Joseph L. Casale wrote:
Or you can go active-active with GFS. :)
Ok, based on Lon Hohberger's and your suggestion, I'll mock this up.
I presume the choice on Pri/Pri w/ GFS2 overcomes management issues
imposed on the Pri/Sec role case's that would otherwise be involved.
Yes. Personally, I'm still using GFS1, but RedHat deem GFS2 stable
enough for production. You may want to trial both and see what yields
better performance. GFS1 is more tweakable, so some people are reporting
much better performance with it for their use cases.
Looking through drbd.sh I see case's for promote/demote, I added this (the wrapper actually)
as a resource "script" with a child "fs" in a mock cluster as the underlying device
was primary on that node, it just started:) How does rhcs know when adding a "script"
to pass the required cases? How do I configure this?
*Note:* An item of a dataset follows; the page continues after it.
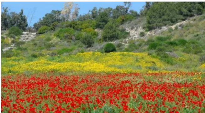
المغار: الربيع في المغار

I use it in active-active mode with GFS. In that case I just use the
fencing agent in DRBD's "stonith" configuration so that when
disconnection occurs, the failed node gets fenced.
I see the ifmib fencing agent in git, am I ok to utilize this as my single fencing
agent in this drbd pri/pri setup with gfs2? I suspect this would be effective
in my environment given the equipment I have.
Sorry, never used that fencing agent. Perhaps someone else can answer that.
Does this allow me to neglect the use of stonith and the config in the drbd.conf
file and let rhcs handle fencing solely on its own? Or is this additional layer
of fencing something needed to be done for drbd's sake, in that case I guess I
would implement both?
I implement both, just in case there is a weird transient outage and
DRBD disconnects but RHCS doesn't. You lose nothing by putting it in
stonith in drbd.conf, and it can save you problems later on.